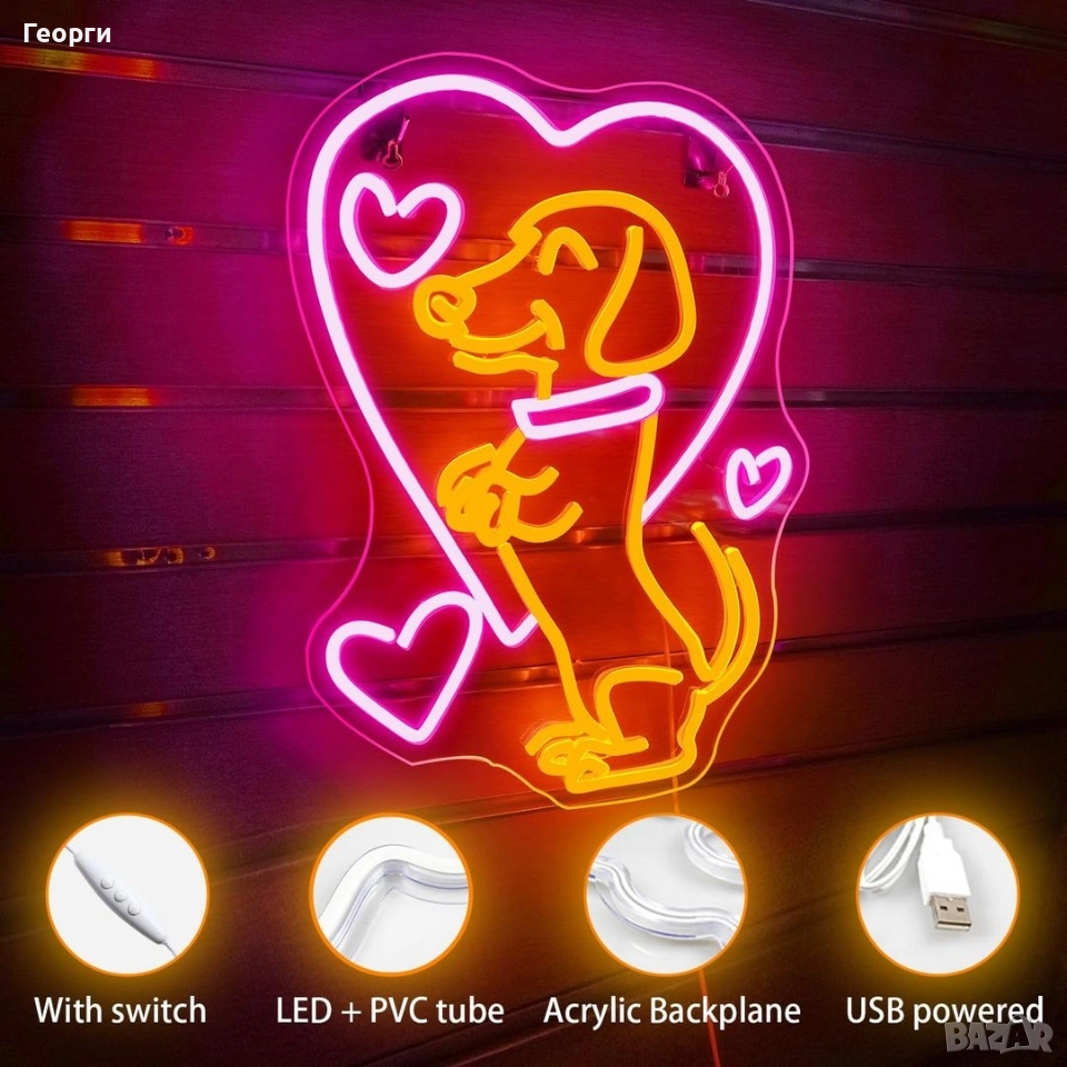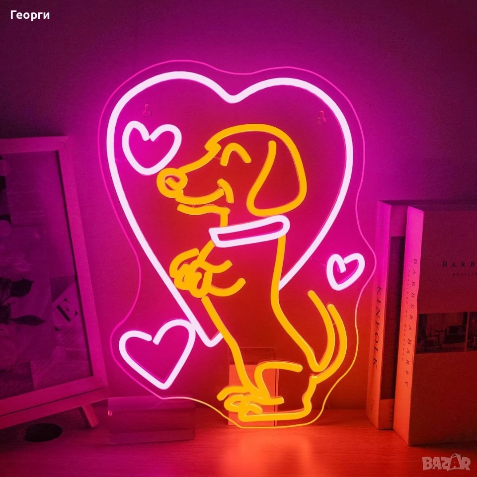 Неонова табела с куче, LED светлина, сладко кученце, стенен декор за любители на кучета - Love Design
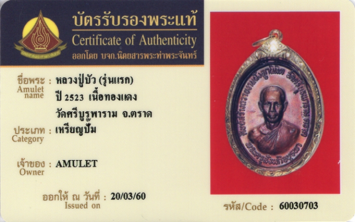 ค้นหาใบการันตีพระแท้
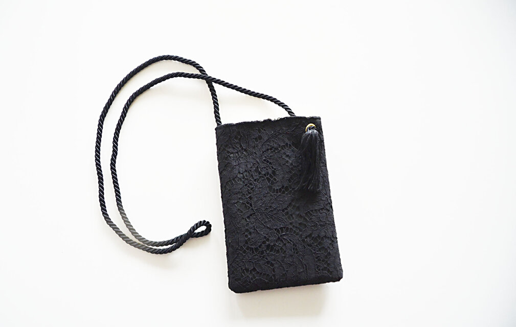 ●フランス製の上質なブラックのリバーレースを使用した2Wayスマホポーチです。
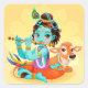 Krishna Indian God playing flute illustration Square Sticker
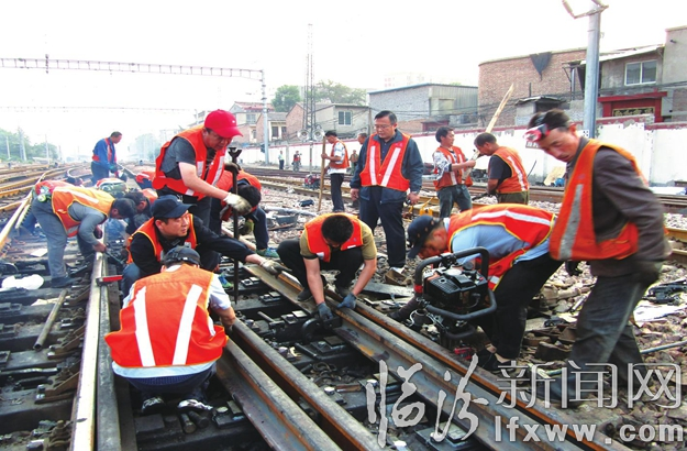 臨汾新聞網(wǎng)訊 近日,太原鐵路局在侯月線及侯馬站、侯馬北站組織開展了由工務(wù)、電務(wù)、供電等多部門參加的集中修施工大會戰(zhàn),全力整治提升鐵路設(shè)備運用質(zhì)量。圖為侯馬電務(wù)段侯馬車間干部職工正在侯馬站內(nèi)進行復(fù)式交分道岔整治作業(yè)。
────
> **What you have to do**
Please retype every record above exactly, leaving out the pictures.

> **Result**
 Неонова табела с куче, LED светлина, сладко кученце, стенен декор за любители на кучета - Love Design
 ค้นหาใบการันตีพระแท้
 ●フランス製の上質なブラックのリバーレースを使用した2Wayスマホポーチです。
 Krishna Indian God playing flute illustration Square Sticker
 臨汾新聞網(wǎng)訊 近日,太原鐵路局在侯月線及侯馬站、侯馬北站組織開展了由工務(wù)、電務(wù)、供電等多部門參加的集中修施工大會戰(zhàn),全力整治提升鐵路設(shè)備運用質(zhì)量。圖為侯馬電務(wù)段侯馬車間干部職工正在侯馬站內(nèi)進行復(fù)式交分道岔整治作業(yè)。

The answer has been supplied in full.